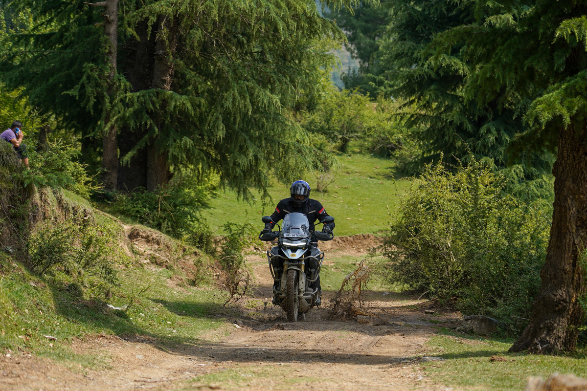 Now while a lot of the chassis setup is largely the same on both variants, the few elements that are different, really set the two variants apart. The GT variant is the more road-biased variant that gets a better-suited 19-inch front and 18-inch rear cast alloy wheel setup with a Metzeler Tourance tyres. Now, this setup works wonders on the roads while still allowing a fair bit of off-roadability. There were many sections of the road in our ride where the roads could be considered light trails and the bike handled it like a champ. As far as riding it on road, the bike feels planted and thorough, and the suspension with its levels of adjustment adds a lot of character and versatility to the bike. Show the GT Pro a set of twisties and there is a lot of fun to be had. Although, there is no denying the fact that it is a heavy (245kg) motorcycle and you do need to muscle it a bit to change direction but the comfortable ergonomics make that process significantly easier.
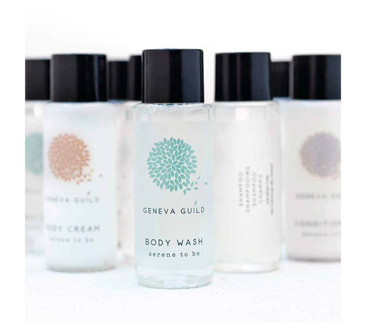 El Gel de Baño Geneva Guild 30 ml pertenece a la gama Geneva Guild de amenities hoteleros y se presenta en botellas individuales de 30 ml, con diseño neutro y contemporáneo, ideal para hoteles, pensiones y bed and breakfast.
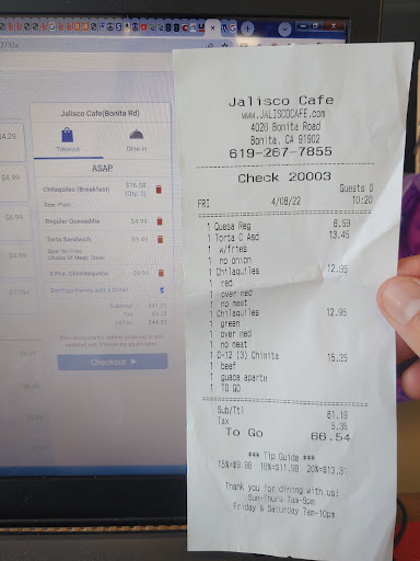 Wanted to try them since their move, as I've been coming to this place since I was a child. Food was edible according to most, besides my boss, who really struggled with his steak torta that for some reason came with butter and melted American cheese? Wouldn't order the chilaquiles again, but I've had their tacos and Chile rellenos before and was happy with them at the prior location. Anyway, we referenced their menu online when ordering. The warning that online ordering is not enabled is very faint, so didn't notice until the end. Regardless, this is their official offering of a menu on Jaliscocafeca.com that links from their Google business page, and the prices are not up to date. The actual bill when they rang me up was a full 50% higher! The lady didn't seem to care, and assuming she's a regular employee, I don't blame her... as she probably deals with a litany of such complaints all the time. I didn't want to make the business' problem her problem, as she seemed very busy, but given how outrageous the situation was, I was definitely tempted. At that point I just wanted my food and to get out of there. That's just plain false advertising though, and they need to either update the prices or remove them from their website entirely. No wonder there was no mention of the total when I placed the order over the phone. What a ripoff. Extra star for the nostalgia, but it seems like their kitchen, their website... Basically...
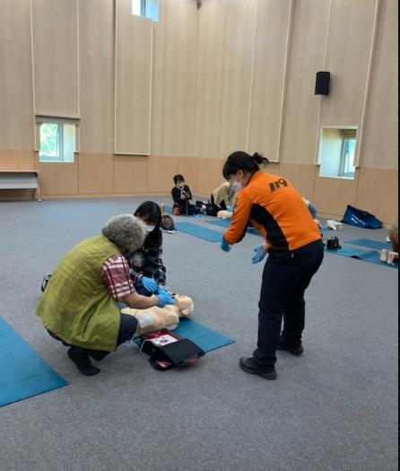 구리시소방서 전문 강사가 실제 응급상황 발생 시 신고요령, 심폐소생술(CPR)방법, 자동심장충격기(AED) 사용법 등 이론과 실습을 병행하고, 교육생들은 마네킹을 활용하여 심폐소생술을 직접 실습한다.
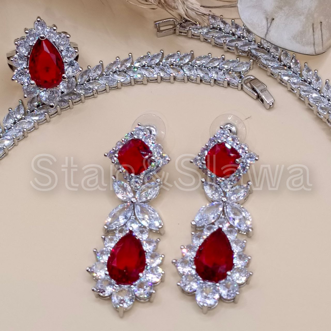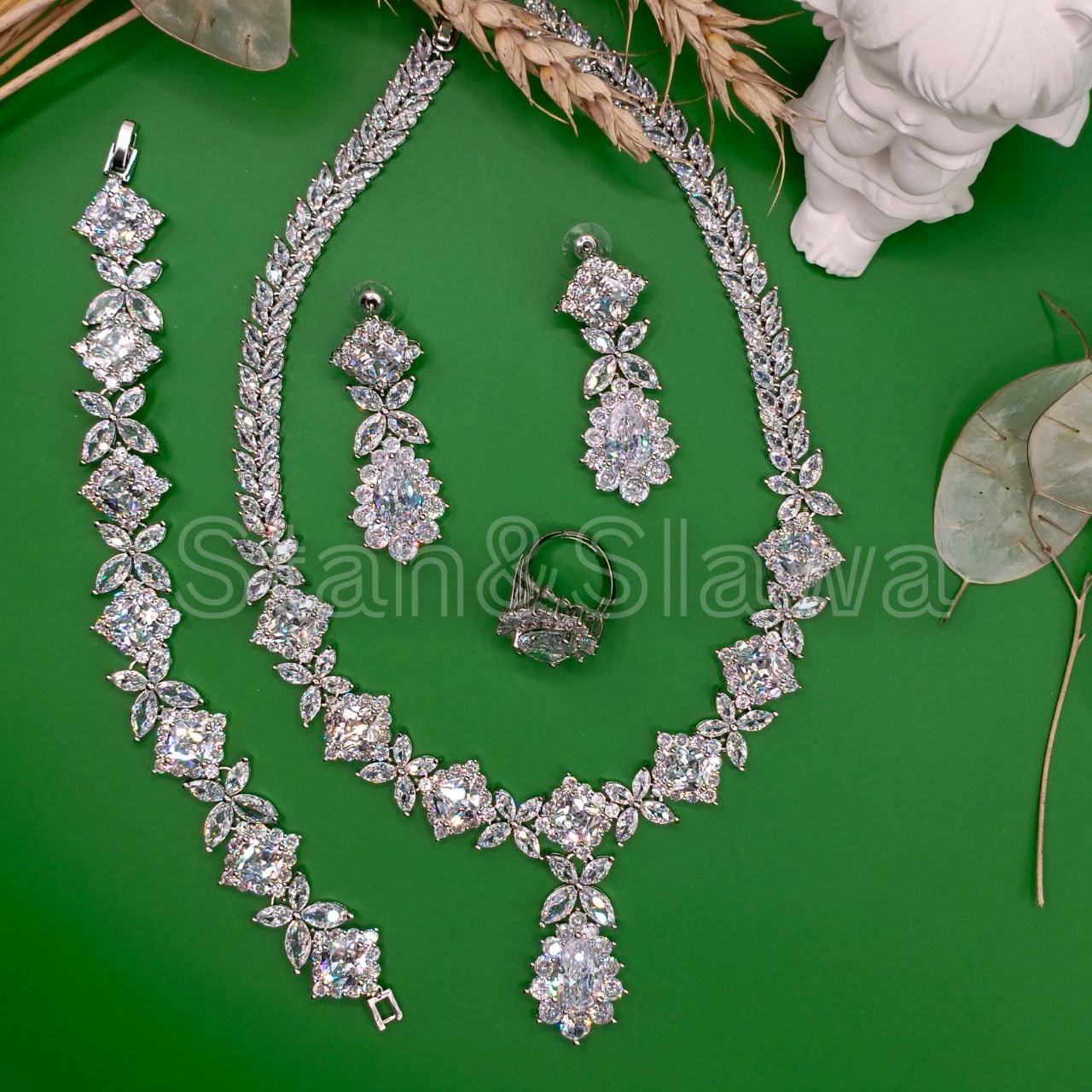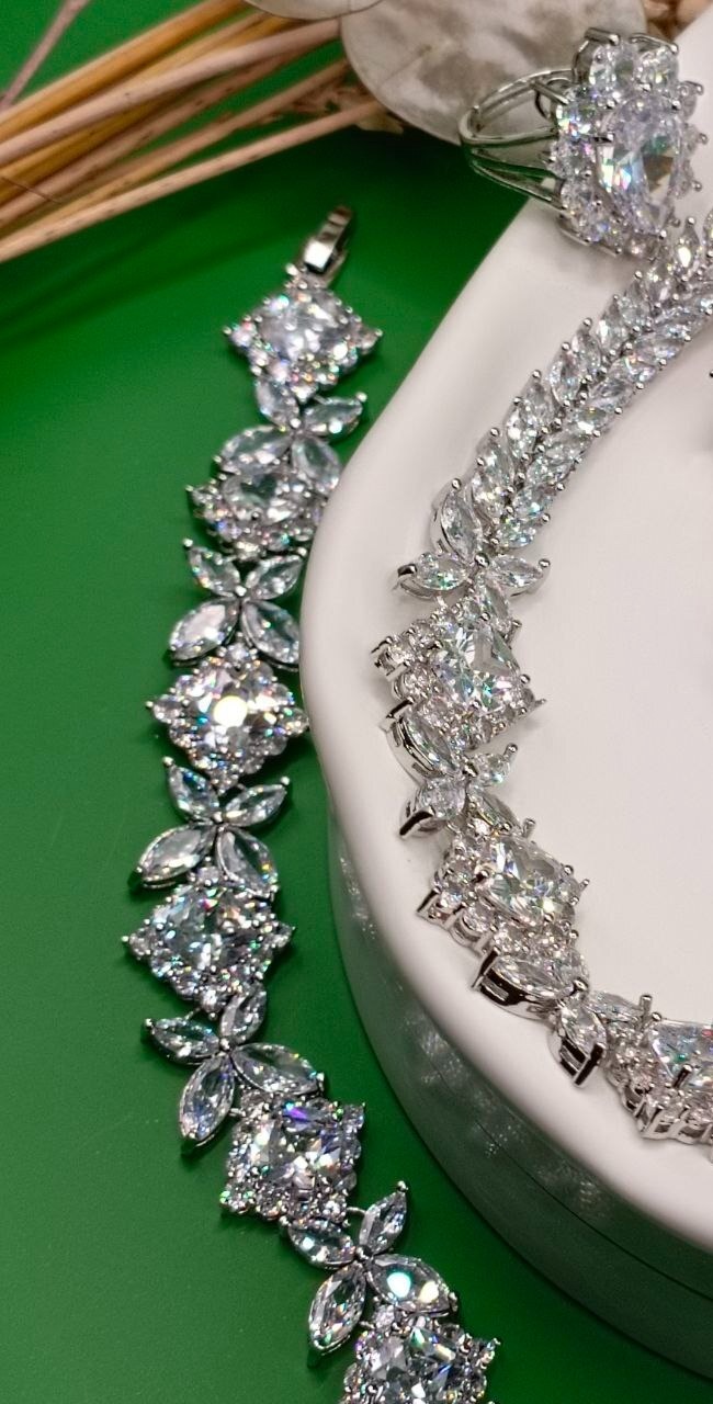 Набор из меди и кубического циркона ААА. Ожерелье 45 см, кольцо с изменяемым размером, серьги 5,3см, кольцо 3см, браслет 18см. Элегантное украшение подчеркивает изысканность образа и подходит ко многим нарядам. Комплект выполнен из высококачественного металла с гипоаллергенным покрытием, что обеспечивает комфорт при носке и долговечность изделий. Категория камня — ювелирный кубический циркон. Выполнен в нейтральной цветовой гамме, легко сочетается с другими аксессуарами. Идеально в качестве подарка или дополнения к собственному гардеробу.

════════

• Exercise: Give again, exactly as written above, each line from the one that has "El Gel de Baño" to the one that has "구리시소방서 전문 강사가", both included; omit the pictures.

• Written answer:
 El Gel de Baño Geneva Guild 30 ml pertenece a la gama Geneva Guild de amenities hoteleros y se presenta en botellas individuales de 30 ml, con diseño neutro y contemporáneo, ideal para hoteles, pensiones y bed and breakfast.
 Wanted to try them since their move, as I've been coming to this place since I was a child. Food was edible according to most, besides my boss, who really struggled with his steak torta that for some reason came with butter and melted American cheese? Wouldn't order the chilaquiles again, but I've had their tacos and Chile rellenos before and was happy with them at the prior location. Anyway, we referenced their menu online when ordering. The warning that online ordering is not enabled is very faint, so didn't notice until the end. Regardless, this is their official offering of a menu on Jaliscocafeca.com that links from their Google business page, and the prices are not up to date. The actual bill when they rang me up was a full 50% higher! The lady didn't seem to care, and assuming she's a regular employee, I don't blame her... as she probably deals with a litany of such complaints all the time. I didn't want to make the business' problem her problem, as she seemed very busy, but given how outrageous the situation was, I was definitely tempted. At that point I just wanted my food and to get out of there. That's just plain false advertising though, and they need to either update the prices or remove them from their website entirely. No wonder there was no mention of the total when I placed the order over the phone. What a ripoff. Extra star for the nostalgia, but it seems like their kitchen, their website... Basically...
 구리시소방서 전문 강사가 실제 응급상황 발생 시 신고요령, 심폐소생술(CPR)방법, 자동심장충격기(AED) 사용법 등 이론과 실습을 병행하고, 교육생들은 마네킹을 활용하여 심폐소생술을 직접 실습한다.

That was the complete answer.